Тем временем Антон неловко лежит на бортике бассейна ничком, свесившись, и обеими руками колотит по мутной, пенящейся, гулкой воде. Рукава пиджака и сорочки у него промокли до подмышек. Еще стоит сентябрь, “бабье лето”, но по ночам уже довольно холодно. Он не замечает ни холода, ни того, что насквозь
промок — с каким-то вызывающим, злым возбуждением плещется в тухловатой воде. Язык у него не ворочается, в самом буквальном значении этих слов. Глотка залеплена сукровицей — наглотался. Нос сломан — не продохнуть. Одного глаза, кажется, вовсе не стало, и все-таки он шаг за шагом, по крохам вспоминает, что было с ним после выхода из “тюрьмы”. О тюрьме он помнит буквально все, начиная с огромной пятнистой коровы и кончая ночной пьянкой. Он ничего не выдумывает и ни на кого не клевещет.

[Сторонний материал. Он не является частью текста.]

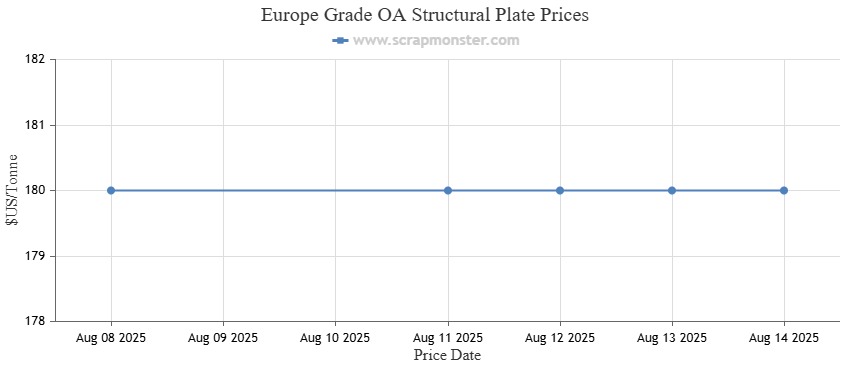 The price variation in Grade OA Structural Plate scrap over the one-week period from August 8 to 14, 2025 is provided in the below chart.

Возможно, кое-что приукрашивает или преувеличивает, но это и не удивительно в его положении, у него есть на то основание, а если не основание, то хотя бы оправдание, поскольку он все еще раб, хоть и отпущенный на волю, а от рабских черт враз не избавишься, если от них вообще возможно избавиться. Между прочим в ночной пьянке ему открылось, почему раб не выносит свободы. Потому что он раб и как таковой не может жить иначе. Свобода лишает его рабства, тогда как рабство побуждает мечтать о свободе. Вот и он по сегодняшний день был рабом, тоже не мог жить иначе, но в конце концов совершил невозможное (за что ему все прощается), поднял руку на собственного отца, и теперь смело можно сказать, что в окружающем его непроглядном мраке он один олицетворяет “свободный мир”, даже невзирая на свой весьма жалкий вид...

Ясно одно — примерно час тому назад (разумеется, по его очень приблизительным подсчетам) он выпрыгнул из окна уборной какого-то ночного бара или же был выброшен (что не принципиально). Но вопрос в том, как он оказался в баре, а затем в его уборной и что заставило его выпрыгнуть оттуда или же что заставило кого-то, оказавшегося рядом, выбросить его из окна, как окурок. Покамест он припоминает только, как вышел утром из “тюрьмы”, или же из духана, а ночью очнулся у стола в пустом зале. Нырнул в Ортачале — вынырнул на Мтацминде1.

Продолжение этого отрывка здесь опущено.